● WHAT YOU SHOULD DO: Would you please copy only the lines from the line that contains "Ausgangspunkt für die" to the end of the data below, exactly, leaving every picture out?

● DATA:
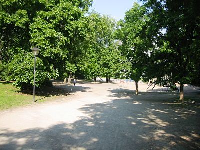 Die unscharfe Begrenzung des Parks wird durch die Belziger Straße im Norden, Rückseite der Bebauung der Eisenacher Straße im Osten, die Gebäuderückseiten der Hauptstraße im Süden und die Mauer des Friedhofs an der Dominicusstraße gebildet. Die Fläche kann grob mit 160 m × 200 m angegeben werden.
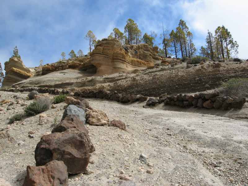 Ausgangspunkt für die Wanderung ist der Marktplatz von Vilaflor. Der Marktplatz wurde vor einigen Jahren neu gestaltet und wirkt sehr gepflegt. Der alte, steinige Weg, der uns jetzt zunächst in Kehren aufwärtsführt gehört zu einem Teil dem Wegenetz der Region Chasna lsora an und ist vorbildlich restauriert. Unser Weg führt zunächst durch ausgedehnte Kiefernwälder mit zum Teil uralten Bäumen. Nach etwa 30 Minuten lichten sich die Kiefern. und brachliegende Terrassenfelder mit Bimsauflage rücken näher, die von der längst vergangenen Tradition des Trockenfeldbaus zeugen.
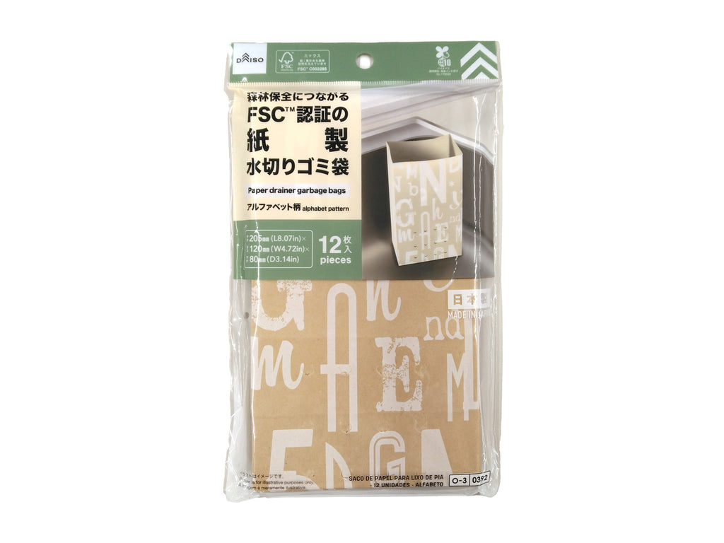 三角コーナー不要 縦205mm×横120mm×底マチ80mm 三角コーナーがいらない自立型の水切りゴミ袋です。 水を絞る時に手が汚れにくいです。 耐水紙を使用しているから濡れても破れにくいです。袋を広げて、シンク内に置きます。 排水の穴は、開けずにそのまま使用してください。●乳幼児の手の届かない場所に保管してください。●直射日光・高温多湿の場所を避けて、保管してください。排水用の穴は開けずにそのまま使用してください。 耐水紙を使用していますが、長時間水につけたり、熱いものを大量に流すと紙が弱くなります。●カレーなどの粘度の高い食品はあらかじめ水で薄めて流してください。●強く引っ張ったり、尖ったものを入れたりしないでください。●熱湯や熱い油を流さないでください。●火や熱源のそばに置かないでください。●本来の用途以外に使用しないでください。

● OUTPUT BELOW:
 Ausgangspunkt für die Wanderung ist der Marktplatz von Vilaflor. Der Marktplatz wurde vor einigen Jahren neu gestaltet und wirkt sehr gepflegt. Der alte, steinige Weg, der uns jetzt zunächst in Kehren aufwärtsführt gehört zu einem Teil dem Wegenetz der Region Chasna lsora an und ist vorbildlich restauriert. Unser Weg führt zunächst durch ausgedehnte Kiefernwälder mit zum Teil uralten Bäumen. Nach etwa 30 Minuten lichten sich die Kiefern. und brachliegende Terrassenfelder mit Bimsauflage rücken näher, die von der längst vergangenen Tradition des Trockenfeldbaus zeugen.
 三角コーナー不要 縦205mm×横120mm×底マチ80mm 三角コーナーがいらない自立型の水切りゴミ袋です。 水を絞る時に手が汚れにくいです。 耐水紙を使用しているから濡れても破れにくいです。袋を広げて、シンク内に置きます。 排水の穴は、開けずにそのまま使用してください。●乳幼児の手の届かない場所に保管してください。●直射日光・高温多湿の場所を避けて、保管してください。排水用の穴は開けずにそのまま使用してください。 耐水紙を使用していますが、長時間水につけたり、熱いものを大量に流すと紙が弱くなります。●カレーなどの粘度の高い食品はあらかじめ水で薄めて流してください。●強く引っ張ったり、尖ったものを入れたりしないでください。●熱湯や熱い油を流さないでください。●火や熱源のそばに置かないでください。●本来の用途以外に使用しないでください。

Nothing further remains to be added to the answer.